Well, there you have it. We are behind the Tribunal, and we expect its agenda to be ours. However, Sellars is not simply contemptuous of the idea of human rights, and Marxists should not be either - not least because most of the achievements which would count as classic human rights concerns were driven by the radical Left. Rather, it is a question of seeing how the inherent limits in the desire and ability of international organisations to defend those ideals open the space for radicals to hegemonise the field. Slavoj Zizek's concise formulation was: "Try Kissinger or shut up!"
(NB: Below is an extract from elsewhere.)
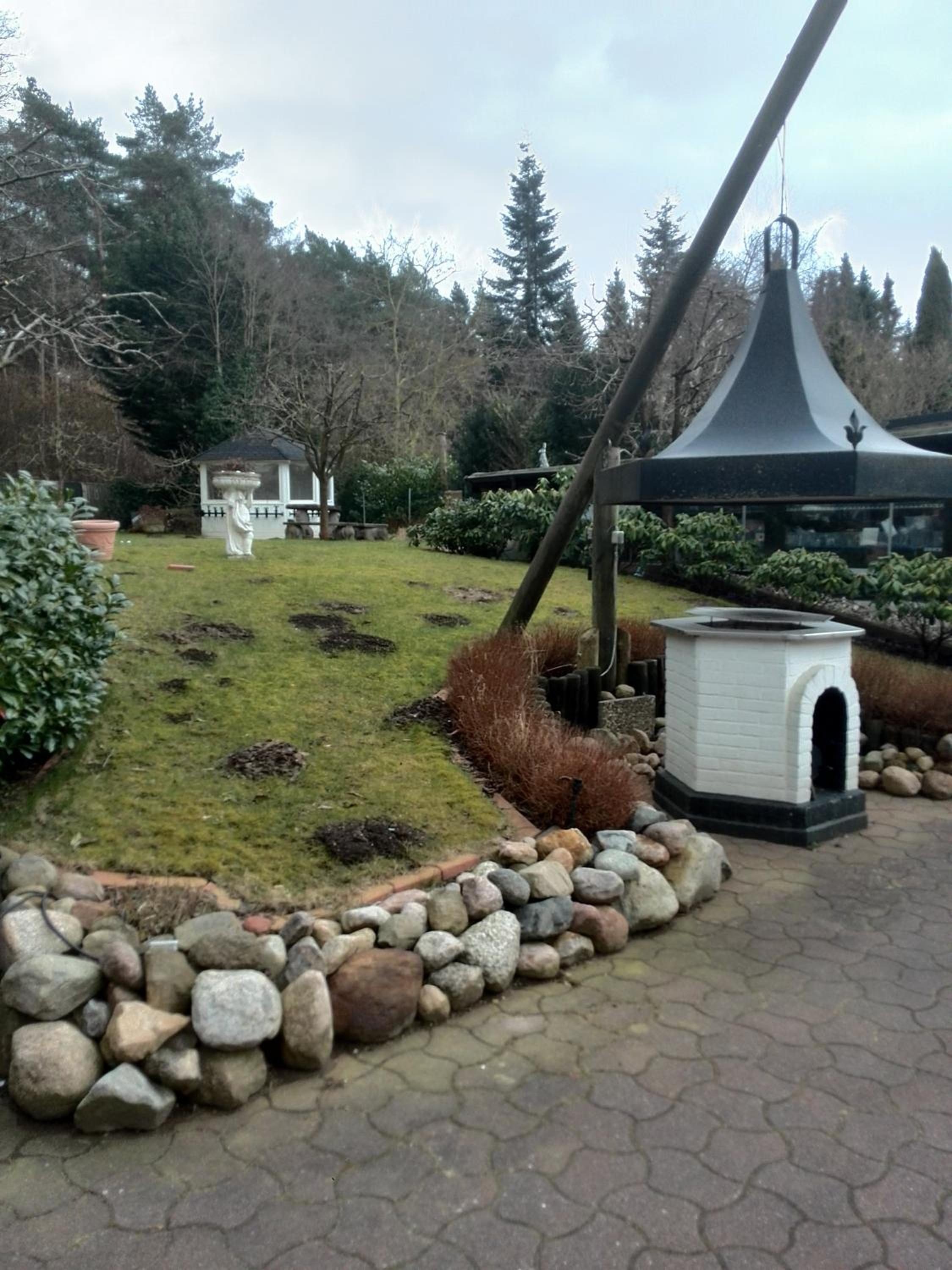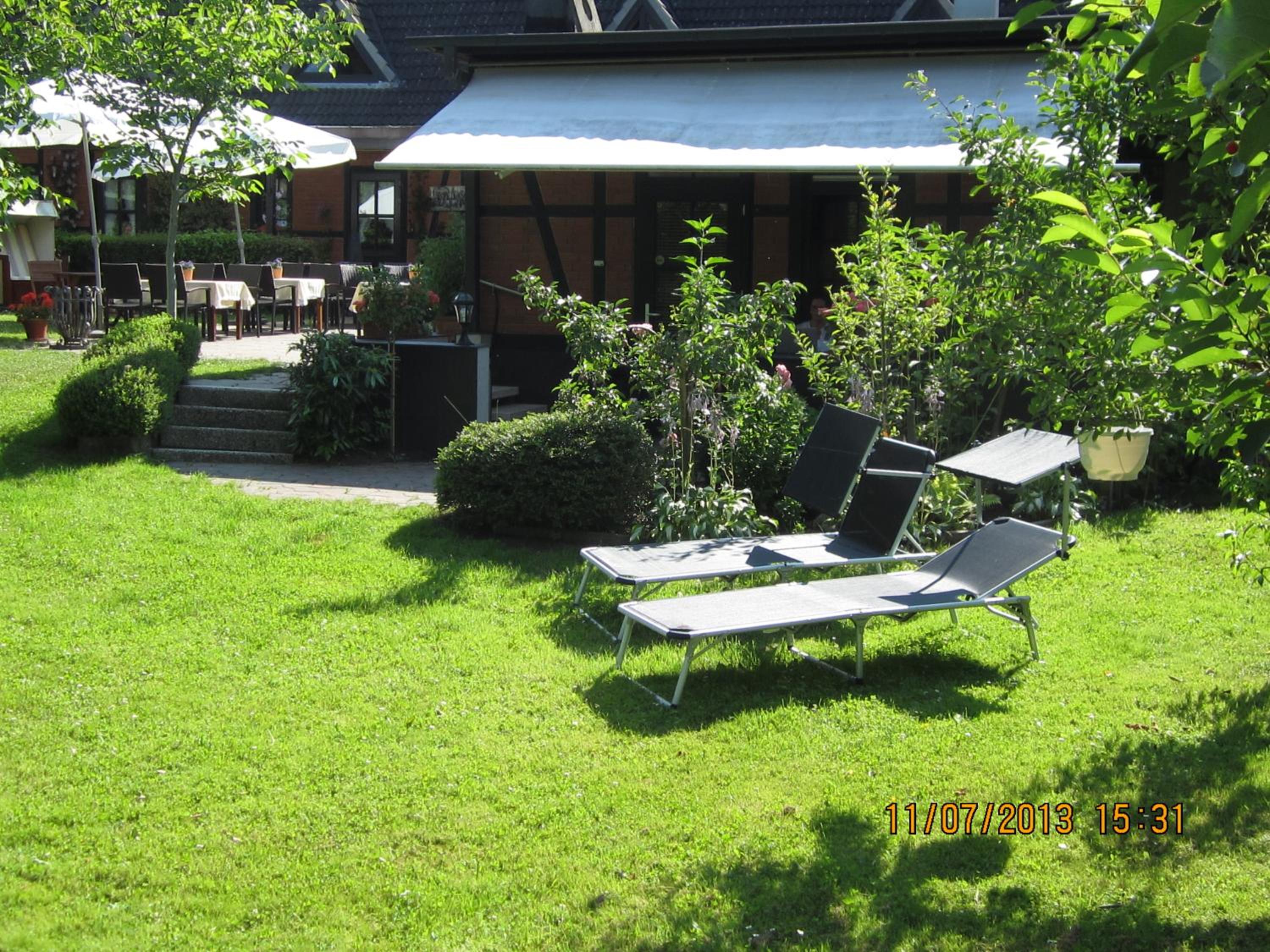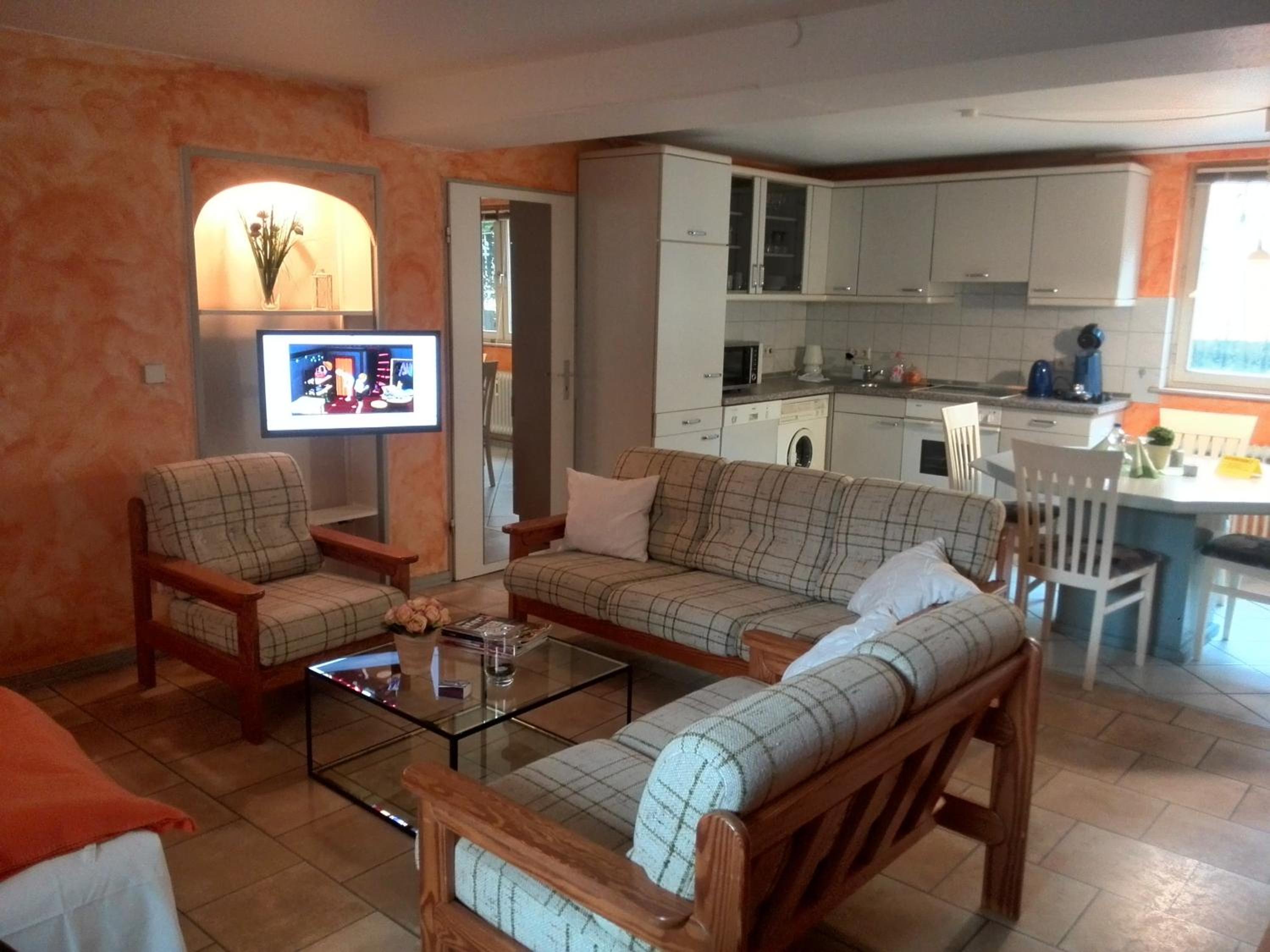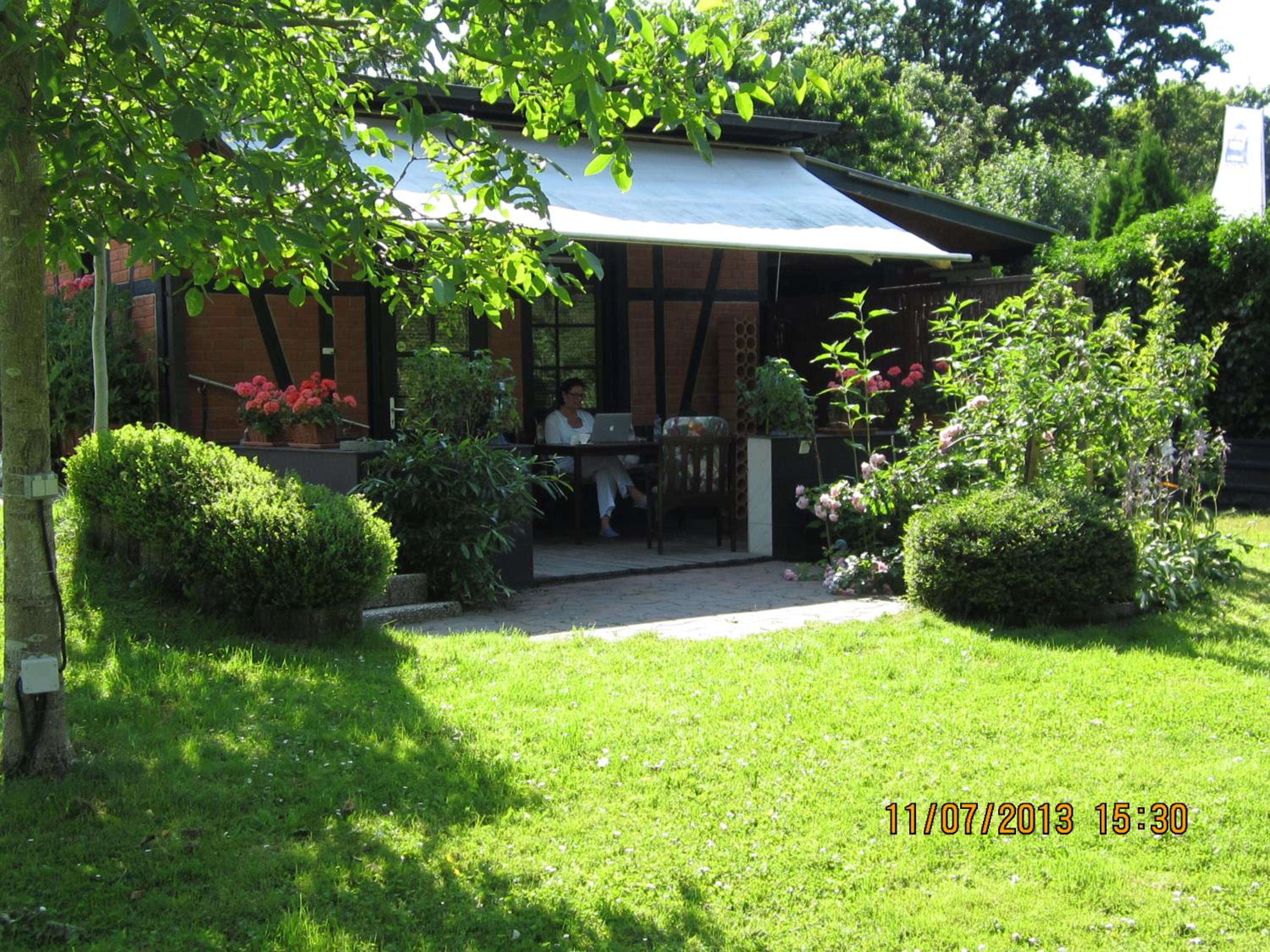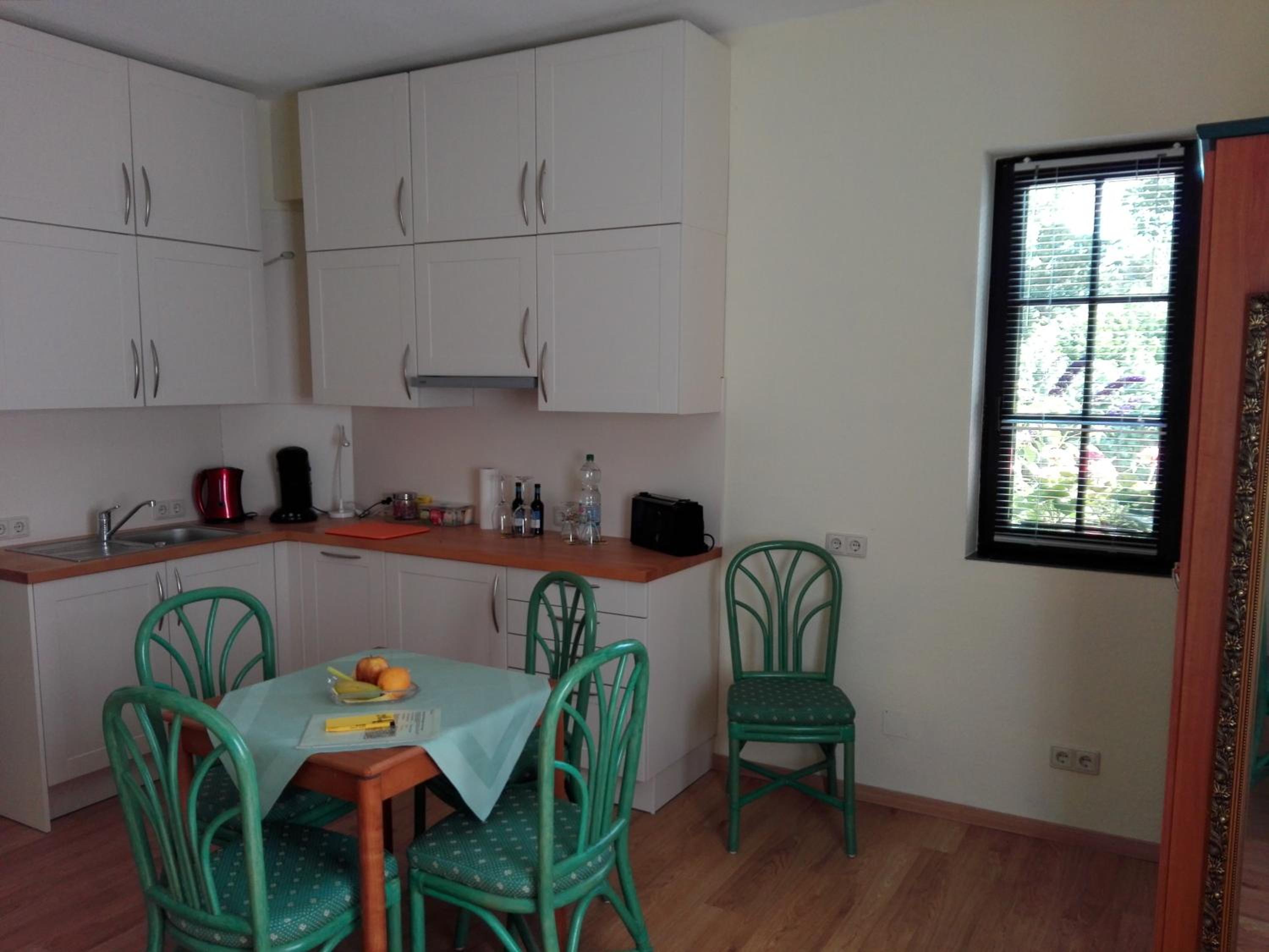Die Terrasse mit Garten. Die kleine Küchenzeile.

Norman Geras raised the issue of the distinction between a class-state and a non-class-state in his attempt to overthrow the Marxian ideal of a stateless utopia. In doing so, he defined the Marxist conception of the state as: "a body coercively imposing law and policy in the interests of a dominant class upon those who might otherwise be less than fully willing to comply with such law and policy". International institutions, by logical extension, could be seen as bodies negotiating between the dominant classes of each nation represented in them. They reach conclusions, legislate and hope, with the goodwill of members, to promulgate policy. The mistake would be to see the UN, say, as simply the fig-leaf of the larger states. It is not; rather it embodies contradictions (or conflicts if you prefer) between states. True, the US was behind the formation of the UN ; true, it is the modern form of imperialism rather than its replacement; but in its form it advances an ideal of international legal obligation, universal rights and so on that it cannot possibly fulfil.

In a postcapitalist universe, one would hope to supplant the vicissitudes of power politics expressed in law with the growing democratisation of as much of human life as possible - this is what is so subversive in George Monbiot's recent The Age of Consent. In taking the professed ideals of the UN seriously, and by making proposals designed to achieve these ideals, he makes the inadequacy of the present global situation poignantly apparent. The consequences for strategy of accepting the above analysis is clear. Since the law is a contested space rather than a defined set of imperatives superimposed upon day to day power relations, we can meet the cries in UN Headquarters in New York for the bombing of Iran or Syria with another concise formulation: "Bomb Washington or Shut up!"